= Problem to solve =
The answer is the exact run of lines in the listing below from the line containing "Vertical storage is" up to and including the line containing "The Village of Pentwater kicks", with pictures removed.

= Dataset excerpts =

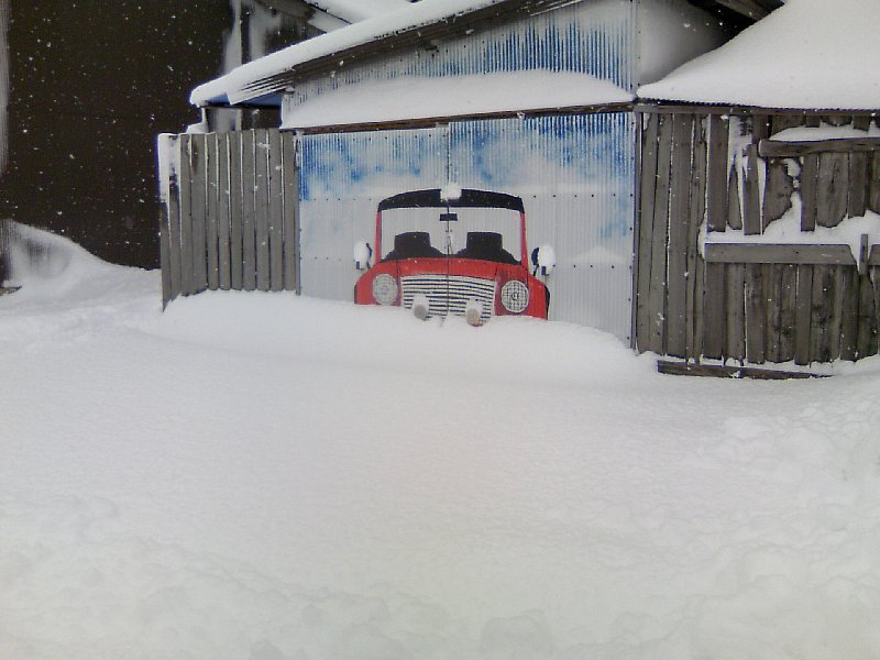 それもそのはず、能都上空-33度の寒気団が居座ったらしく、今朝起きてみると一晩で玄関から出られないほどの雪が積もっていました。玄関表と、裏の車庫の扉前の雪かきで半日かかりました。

...

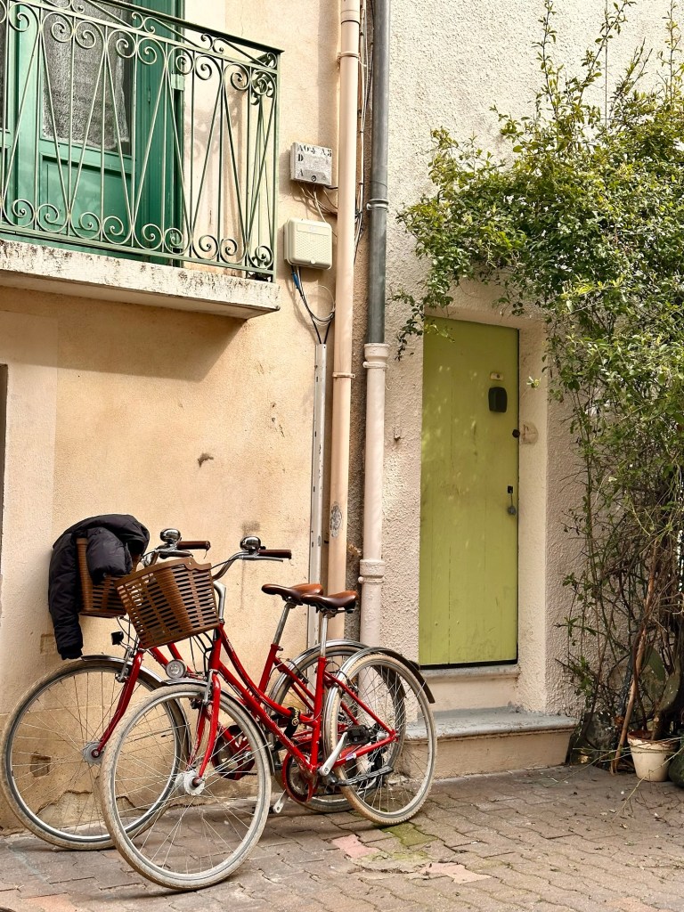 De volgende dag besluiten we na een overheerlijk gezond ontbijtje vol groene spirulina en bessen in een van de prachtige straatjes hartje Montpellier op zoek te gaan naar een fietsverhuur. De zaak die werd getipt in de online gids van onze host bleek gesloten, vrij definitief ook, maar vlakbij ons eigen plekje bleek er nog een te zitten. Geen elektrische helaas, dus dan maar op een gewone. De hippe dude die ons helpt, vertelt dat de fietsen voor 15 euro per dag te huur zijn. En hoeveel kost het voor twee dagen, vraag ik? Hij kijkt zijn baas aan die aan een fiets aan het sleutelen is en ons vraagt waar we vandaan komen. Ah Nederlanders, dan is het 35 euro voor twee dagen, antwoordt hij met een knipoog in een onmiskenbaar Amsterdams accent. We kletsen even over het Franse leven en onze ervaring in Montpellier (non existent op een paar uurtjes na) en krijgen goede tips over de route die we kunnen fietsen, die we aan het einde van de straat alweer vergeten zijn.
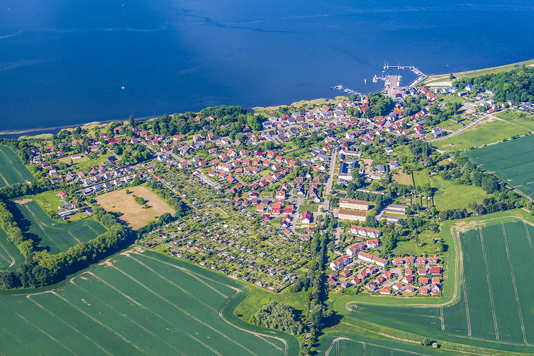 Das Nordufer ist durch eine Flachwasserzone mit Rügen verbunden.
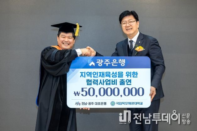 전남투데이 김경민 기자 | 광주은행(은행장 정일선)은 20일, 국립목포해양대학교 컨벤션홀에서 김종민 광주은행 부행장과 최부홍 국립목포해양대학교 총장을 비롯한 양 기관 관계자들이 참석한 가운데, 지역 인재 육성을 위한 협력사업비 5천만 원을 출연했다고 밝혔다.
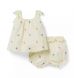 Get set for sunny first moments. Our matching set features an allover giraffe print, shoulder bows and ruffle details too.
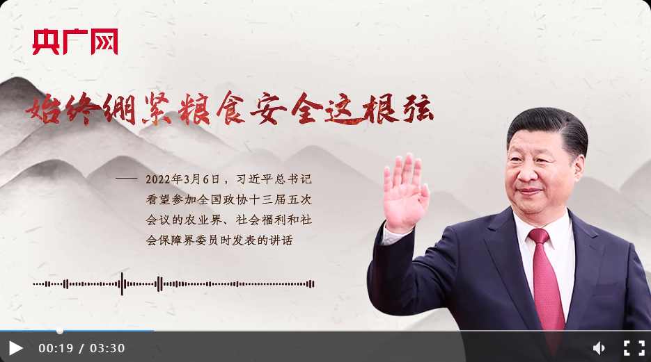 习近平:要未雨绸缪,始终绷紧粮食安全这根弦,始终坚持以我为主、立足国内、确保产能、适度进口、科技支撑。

...

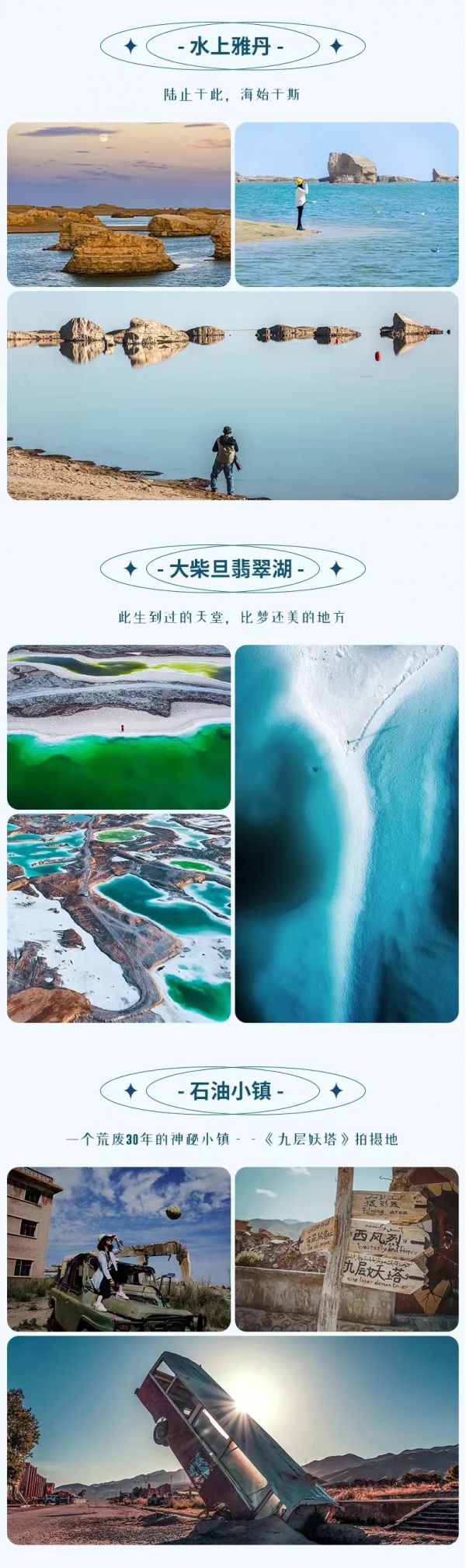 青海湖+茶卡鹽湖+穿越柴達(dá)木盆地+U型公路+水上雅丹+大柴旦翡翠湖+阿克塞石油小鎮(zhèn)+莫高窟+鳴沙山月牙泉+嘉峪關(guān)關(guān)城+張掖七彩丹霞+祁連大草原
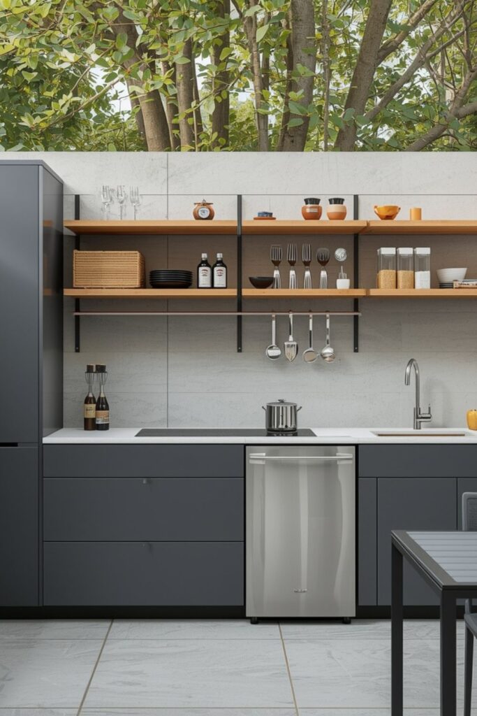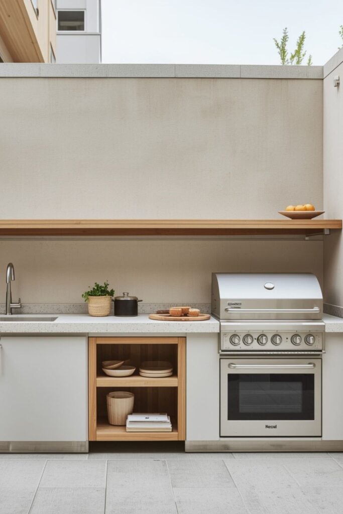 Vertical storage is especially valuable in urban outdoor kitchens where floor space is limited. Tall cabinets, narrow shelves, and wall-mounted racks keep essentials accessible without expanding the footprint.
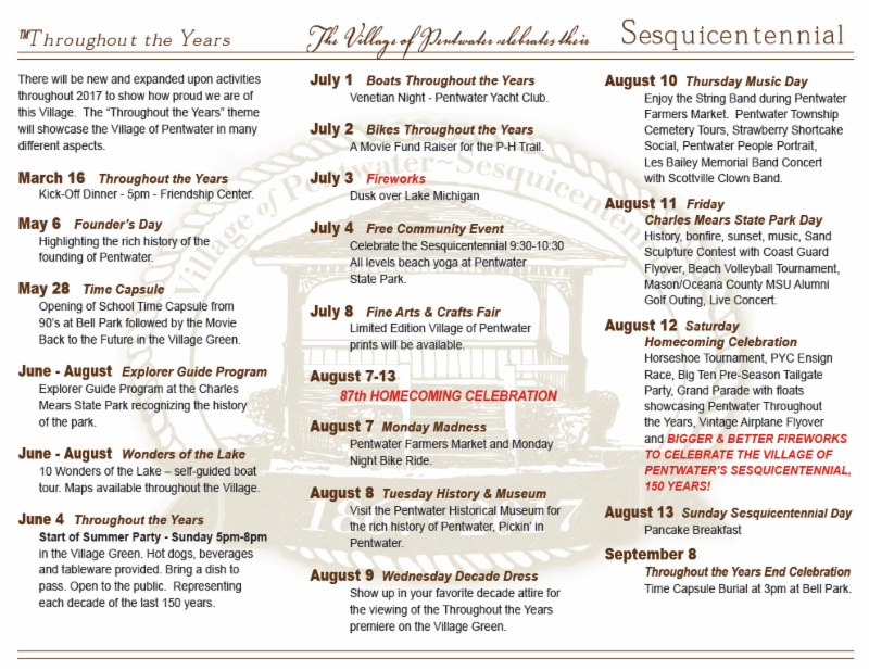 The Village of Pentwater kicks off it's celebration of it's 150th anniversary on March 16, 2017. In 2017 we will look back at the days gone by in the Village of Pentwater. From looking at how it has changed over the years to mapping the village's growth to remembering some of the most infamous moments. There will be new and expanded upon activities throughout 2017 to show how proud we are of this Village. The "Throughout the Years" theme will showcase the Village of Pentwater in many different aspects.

= The completed task =
 Vertical storage is especially valuable in urban outdoor kitchens where floor space is limited. Tall cabinets, narrow shelves, and wall-mounted racks keep essentials accessible without expanding the footprint.
 The Village of Pentwater kicks off it's celebration of it's 150th anniversary on March 16, 2017. In 2017 we will look back at the days gone by in the Village of Pentwater. From looking at how it has changed over the years to mapping the village's growth to remembering some of the most infamous moments. There will be new and expanded upon activities throughout 2017 to show how proud we are of this Village. The "Throughout the Years" theme will showcase the Village of Pentwater in many different aspects.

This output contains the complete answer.